The war in Ukraine has turned the lives of many African students in the country upside down. A young Nigerian student tells how she managed to escape the invasion and what she hopes for in the future.
Brenda Majekodunmi was a sophomore medical student at Vinnytsia National Medical University when Russia’s February 24 invasion of Ukraine changed her life.
“We heard a bomb. And then my friend called me to say that they had bombed the military camp near their home,” she recalls.
Like many other African students stuck in Ukraine, the 19-year-old was forced to flee the war the same day bombs began to fall on Ukraine. After a long and arduous journey of 10 days, the Nigerian student finally made it to Germany via Poland.
One way ticket
At first things went well considering the difficult circumstances. While registering with the social welfare office in the western German city of Leverkusen, she met an elderly German doctor who agreed to be her hostess.
Not discouraged by the pain of having to leave Ukraine abruptly, she requested that her certificate be sent so that she could continue her education in Germany.
But Brenda was in for a surprise: a tangle of bureaucratic hurdles meant that she was unable to prove her studies in Ukraine to the German authorities. The dean of the university also had no understanding of their situation and refused to make any exceptions to the standard procedures, regardless of the situation.
In fact, Brenda would have to return to Ukraine to get the needed paperwork. She knew very well that she wouldn’t do that.
A bureaucratic nightmare
Undeterred, she spent her time online contacting universities in Germany, using what little paperwork she had to prove her academic standing.
“I was able to use my WAEC (West African Examinations Council) scores and bring other things to apply to universities here,” she explains, adding that her university credit book is the best type of documentation she can provide. However, it was written in Ukrainian.
“Well, they told me … that means I would have to translate it and send a photocopy of it as well,” she recalls.
After many stations, Brenda was finally admitted to study applied biology at the Bonn-Rhein-Sieg University of Applied Sciences. Not only is the bachelor’s degree in English, it’s also tuition-free — but not the route she originally took.
A new way
The medical degree that Brenda started in Ukraine has been put on hold. She says she doesn’t know what’s next but remains optimistic:
“I’m a very goal-oriented person. Now I’m starting this course. No course is useless,” she told DW. “I can have three degrees if I want, or four or more, and try to learn the (German) language at the same time.”
However, Brenda’s parents in Nigeria are quite devastated that she had to start over with a non-medical degree. They had hoped that studying abroad would mean she could finish her degree sooner – not later.
“There’s nothing I can do about the whole situation at the moment,” she explains, emphasizing at the same time that she believes God has a plan for her.
Grateful for new opportunities
Perhaps her confidence in the future comes from being used to life taking unpredictable turns: Brenda never actually intended to study in Ukraine.

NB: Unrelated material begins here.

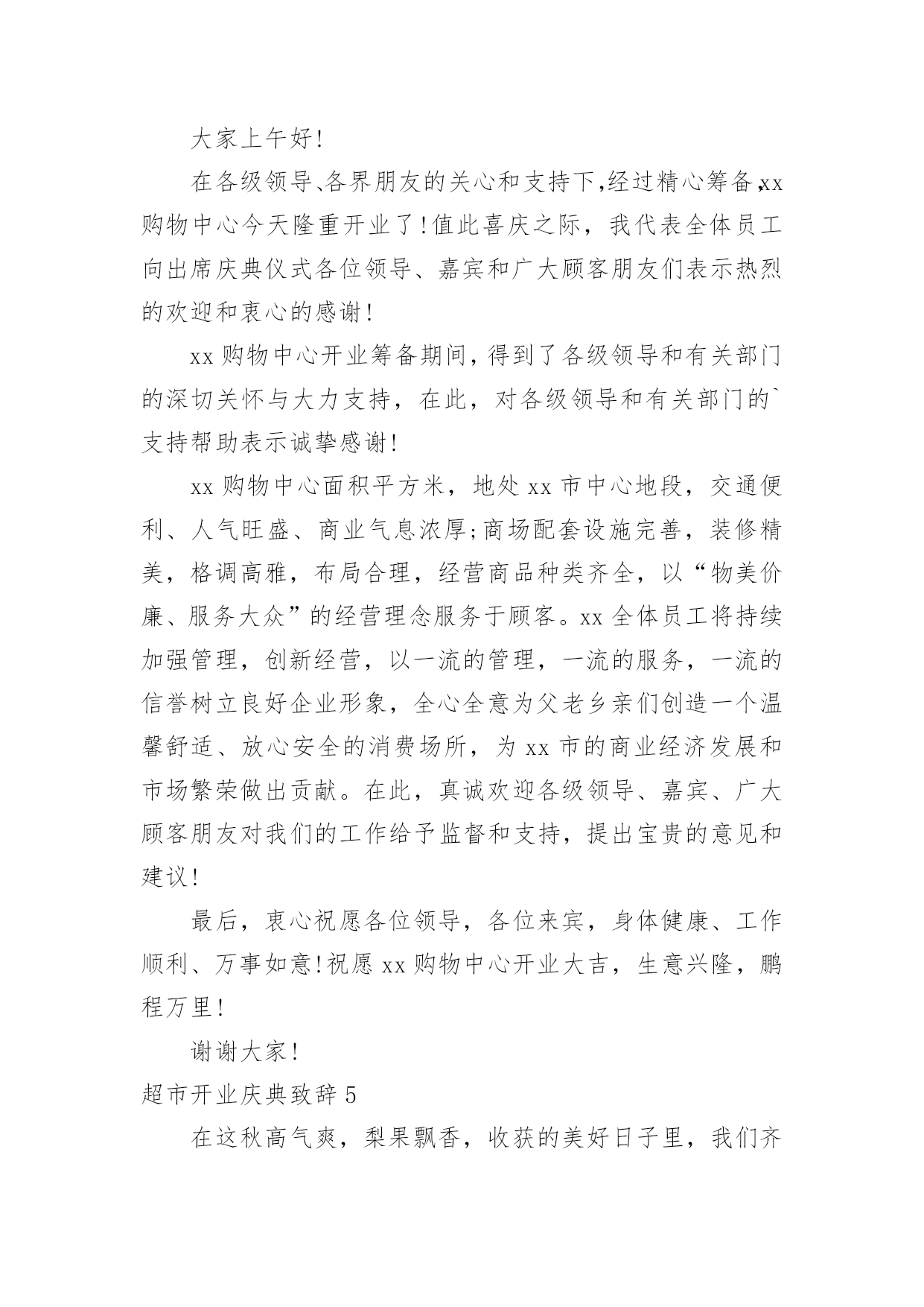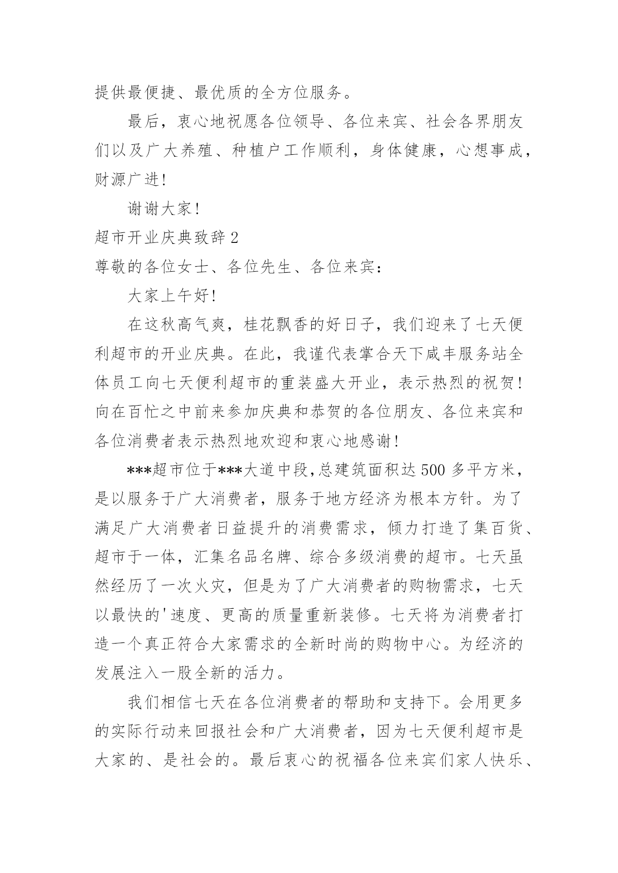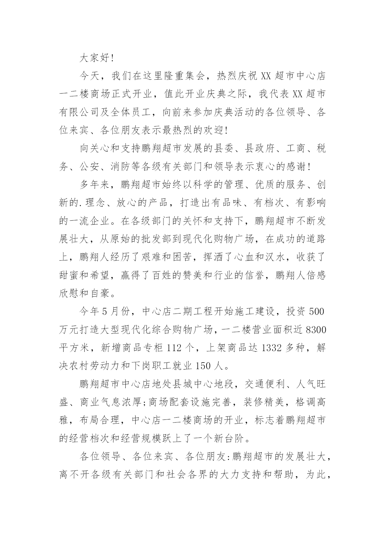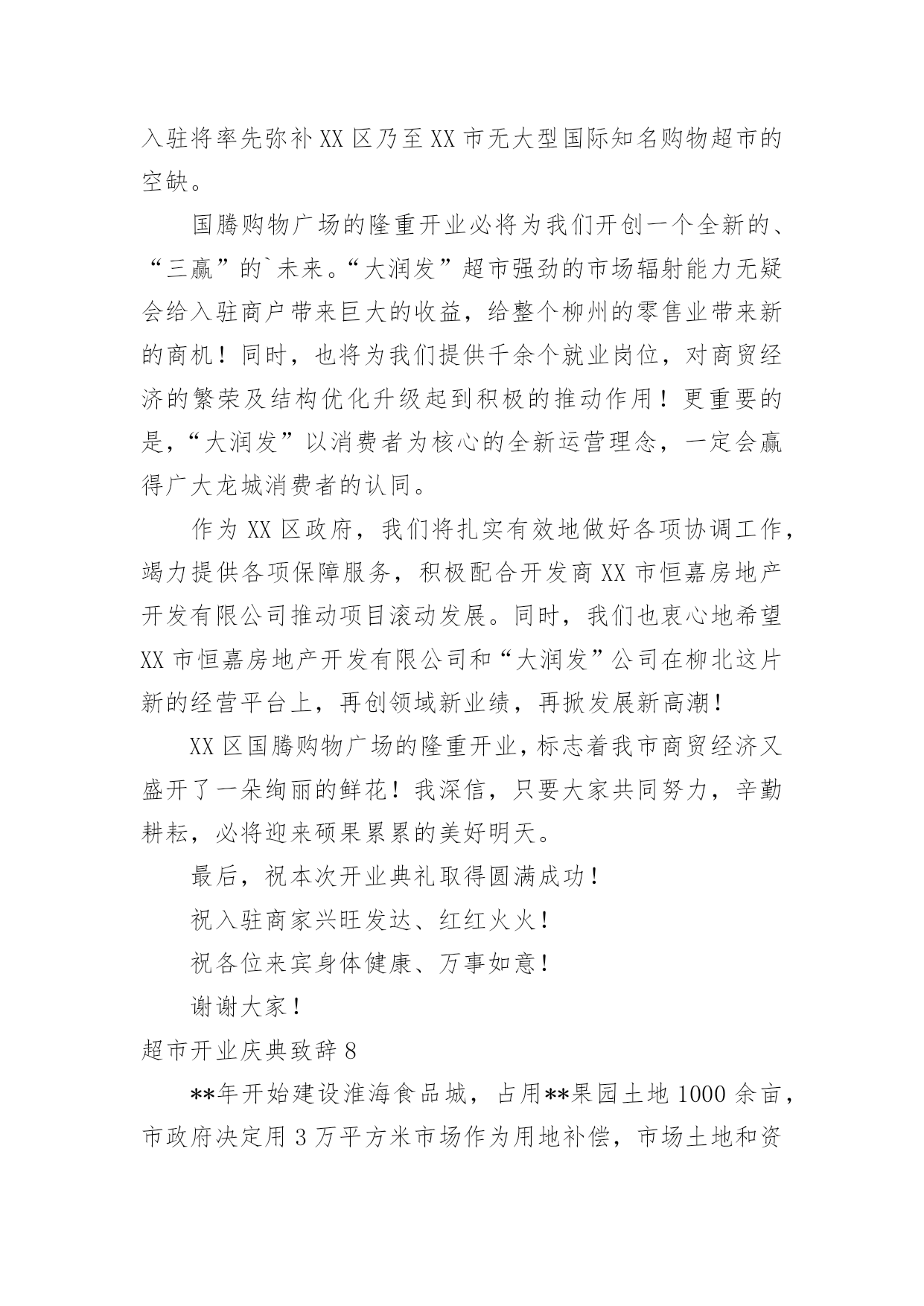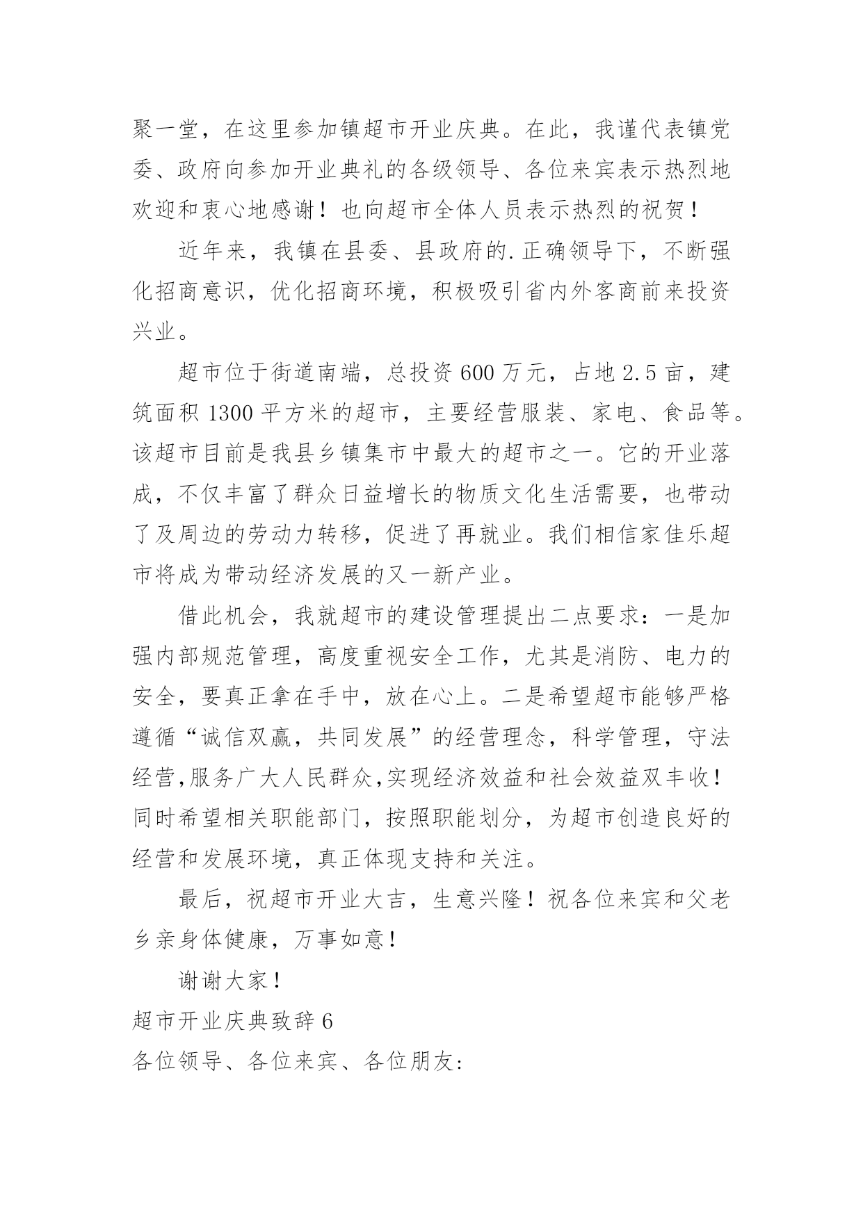 超市开业庆典致辞超市开业庆典致辞在生活、工作和学习中,要用到致辞的地方还是很多的,致辞讲求文辞不能过于口语化。致辞的类型多样,你所见过的致辞是什么样的呢?以下是小编收集整理的超市开业庆典致辞,仅供参考,希望能够帮助到大家。超市开业庆典致辞1尊敬的各位领导、各位来宾、社会各界朋友们:***饲料超市经过一段时间的紧张筹备,迎着桃红柳绿的美好时节,今天正式开业了!首先,我代表*氏家族、代表**饲料超市的'全体员工向曾经关心、支持以及帮助过我们的各位领导、各位来宾以及社会各界朋友们致以最崇高敬意和最衷心地感谢!**饲料超市是***地区第一家以经营畜禽饲料、兽药、种猪等为主的具有高科技技术产品的饲料超市,我们的经营理念为面向农村,服务农业,造福农民!值此开业庆典之际,我代表**饲料超市郑重地向各位领导、各位来宾、社会各界朋友承诺:绝不辜负大家的厚爱,坚持以质量求生存,以信誉求发展,以品牌求壮大。真正做到:以最优质的产品让农民笑,以最优良的服务让农民满意,以最优惠的价格让利于广大用户,以最诚挚守信为广大用户提供最便捷、最优质的全方位服务。最后,衷心地祝愿各位领导、各位来宾、社会各界朋友们以及广大养殖、种植户工作顺利,身体健康,心想事成,财源广进!谢谢大家!超市开业庆典致辞2尊敬的各位女士、各位先生、各位来宾:大家上午好!在这秋高气爽,桂花飘香的好日子,我们迎来了七天便利超市的开业庆典。在此,我谨代表掌合天下咸丰服务站全体员工向七天便利超市的重装盛大开业,表示热烈的祝贺!向在百忙之中前来参加庆典和恭贺的各位朋友、各位来宾和各位消费者表示热烈地欢迎和衷心地感谢!***超市位于***大道中段,总建筑面积达500多平方米,是以服务于广大消费者,服务于地方经济为根本方针。为了满足广大消费者日益提升的消费需求,倾力打造了集百货、超市于一体,汇集名品名牌、综合多级消费的超市。七天虽然经历了一次火灾,但是为了广大消费者的购物需求,七天以最快的'速度、更高的质量重新装修。七天将为消费者打造一个真正符合大家需求的全新时尚的购物中心。为经济的发展注入一股全新的活力。我们相信七天在各位消费者的帮助和支持下。会用更多的实际行动来回报社会和广大消费者,因为七天便利超市是大家的、是社会的。最后衷心的祝福各位来宾们家人快乐、幸福安康!祝七天便利超市开业大吉、生意兴隆!谢谢大家!超市开业庆典致辞3在今天春光明媚、春意融融的大好日子里,超市隆重开业了,作为*****超市,经过二个月的紧张筹备工作,今天正式投入使用了,这是高速实业自营服务区的一个重要里程碑,同时也是高速实业的一件盛事、喜事。值此,谨让我代表向家服务区的全体员工向向家服务区超市的顺利开业表示热烈的'祝贺!向各位领导、各位嘉宾到来表示热烈的欢迎!xxx超市是在徐总的指导和局领导的大力支持下,秉承“以人为本,为民解困”的服务宗旨,由省高速实业负责筹备的。在筹备过程中,得到了社会各界热心人士的鼎力支持,使超市能在这么短的时间内筹备完工,在此向大力支持以及一直以来关心和支持我向家服务区超市发展的热心人士表示衷心的感谢!向家服务区超市是一家以经营副食、日化为主,经营门类齐全、购物环境优雅、管理水平一流的购物超市。向家服务区超市的开业,必将对进一步满足外地游客的消费需求,促进高速实业的发展起到积极的作用。助超市能越办越好,希望向家服务区超市能发挥作用,为广大高速群体带来福音,让我们大家为这一共同目标而不懈努力,谢谢!超市开业庆典致辞4尊敬的各位领导,各位嘉宾,朋友们:大家上午好!在各级领导、各界朋友的关心和支持下,经过精心筹备,xx购物中心今天隆重开业了!值此喜庆之际,我代表全体员工向出席庆典仪式各位领导、嘉宾和广大顾客朋友们表示热烈的欢迎和衷心的感谢!xx购物中心开业筹备期间,得到了各级领导和有关部门的深切关怀与大力支持,在此,对各级领导和有关部门的`支持帮助表示诚挚感谢!xx购物中心面积平方米,地处xx市中心地段,交通便利、人气旺盛、商业气息浓厚;商场配套设施完善,装修精美,格调高雅,布局合理,经营商品种类齐全,以“物美价廉、服务大众”的经营理念服务于顾客。xx全体员工将持续加强管理,创新经营,以一流的管理,一流的服务,一流的信誉树立良好企业形象,全心全意为父老乡亲们创造一个温馨舒适、放心安全的消费场所,为xx市的商业经济发展和市场繁荣做出贡献。在此,真诚欢迎各级领导、嘉宾、广大顾客朋友对我们的工作给予监督和支持,提出宝贵的意见和建议!最后,衷心祝愿各位领导,各位来宾,身体健康、工作顺利、万事如意!祝愿xx购物中心开业大吉,生意兴隆,鹏程万里!谢谢大家!超市开业庆典致辞5在这秋高气爽,梨果飘香,收获的美好日子里,我们齐聚一堂,在这里参加镇超市开业庆典。在此,我谨代表镇党委、政府向参加开业典礼的各级领导、各位来宾表示

But when her secondary school results were released, her parents encouraged her to consider universities outside of Nigeria as she had achieved excellent grades.
“Private universities are so expensive. It was better for them to send me abroad where they have a much better education and where it’s a lot cheaper than some of these private universities that we have in Nigeria,” Brenda told DW , which led her to start her studies in Ukraine.
Only two years later she finds herself not in Nigeria, not in Ukraine, but in Germany. A major war that would interrupt her studies was not planned.
Despite this, she is grateful for the opportunity to further her education:
“I just need my bus ticket. It’s free training. I only have to pay my rent and my food, and I’ll find a job and work,” she told DW with determination.
All alone in a new country
Brenda is more used to dealing with adversity at every corner of her life. She came to a foreign country where she did not speak the language to go to university. She also had no friends or relatives there. At the age of 16, Brenda had to grow up fast.
But when war broke out in Ukraine, she felt completely overwhelmed. There is no preparation for a life changing event like this. That day she suddenly had to make her way to the city of Lviv in the west of the country, on a crowded train with everyone in a panic:
“Everything was chaotic. I arrived in Lviv in the middle of the night and heard sirens on the way,” she told DW. In Lviv, she wanted to get on a bus to Poland with a ticket that her sister, who lives in Poland, had booked for her.
However, this journey would prove to be even more traumatizing:
“I was the only black person on the bus and they just gave me this weird look. I felt really really down because I was the only one,” she said.
“I was tired, hungry, thirsty, nobody was there to talk to, nobody was there to help. So, the whole thing was really bad.”
Determined and focused
But Brenda is here to tell the story. She remains focused on the future and moving on with her life.
When asked how things will continue after her degree in applied biology in three years, Brenda says she finally wants to study medicine again – but doesn’t think that this will be possible in Ukraine.
“After three years I will master the (German) language. So I will continue my medical education in Germany.”